В воздухе тонко засвистело. Казалось, свист донесся издалека, но, подняв головы, мы увидели, что не очень. Свист переходил в звенящий точильный звук, а этот звук — в моторное урчание. «Мессер» стремительно пронесся над нами, и все повторилось. «Мессер» заметил нас и возвращался.
— Рассредоточиться! — крикнул Белка, и его голос тут же перехлестнуло дробным стуком и совсем другим посвистыванием, будто кто-то задыхался, сложив губы тесной трубочкой.
Немец обстреливал нас из пулемета.
— Гаубица! — услышал я голос Толи Калинкина.
Это я должен был крикнуть, я наводчик, гаубица — прежде всего мое орудие.
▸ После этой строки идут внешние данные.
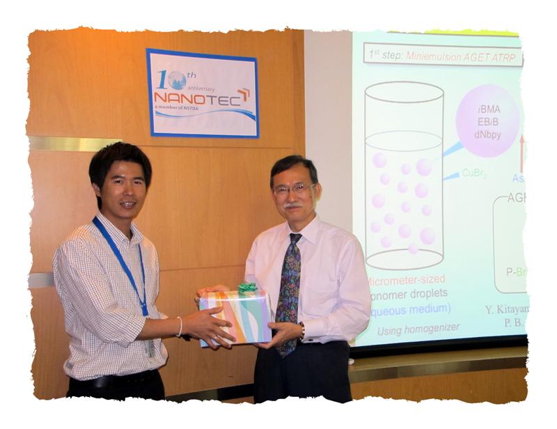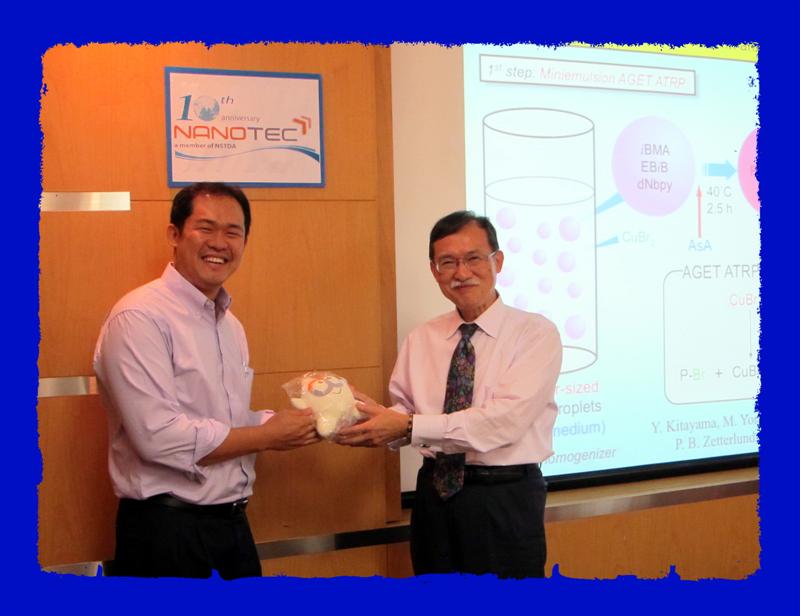 On 30 Nov 2012, NANOTEC hosted the visit of Prof. Masayoshi Okubo, Professor Emeritus, Kobe University who gave a talk on “Molecular and Particular Designs by Controlled/Living Radical Polymerization in Aqueous Dispersed Systems” to researchers and academia.
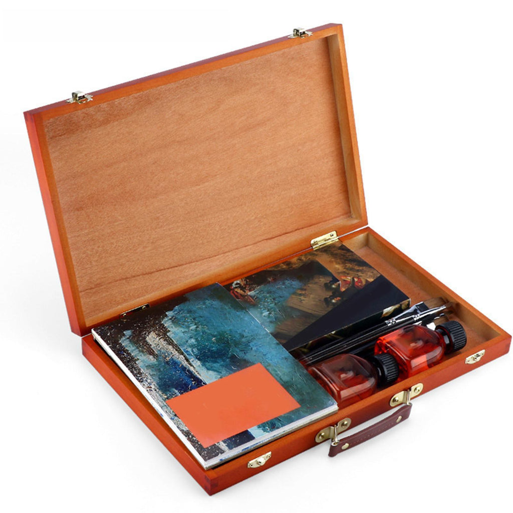 Maxbell Wooden Painting Box Travel Beginners Portable Retro Design Drawing Tool Case

Она все время катилась с маскировкой, пучки пшеницы желтели на ее щите, на стволе. Но они попадали и обтрепались… Мы не положили свежих, не замаскировали ее вчера как следует. Думали, уйдем до рассвета…
Я приподнял голову, и пшеница привстала следом перед глазами. В ее штрихах я увидел Сапрыкина возле коней, он прижимал к плечу беспокойно ощеренную морду Ястреба. Старшину я увидел. Возвышаясь над пшеницей по пояс, он кричал:
— Пусть видит, что у нас орудие! Он без бомб! Маскируйся сами.
— Помочь? — спросил я старшину, который, может быть, не мог сам лечь.
— Ложись! — крикнул Белка старшине и мне, и снова простучало совсем близко, и засвистело, и качнулся воздух над пшеницей, привалив ее на миг, и видно стало, как по дороге, за уходящим самолетом, растянулась, вгрызаясь в землю, цепочка крошечных взрывов, становясь косой стенкой пыли…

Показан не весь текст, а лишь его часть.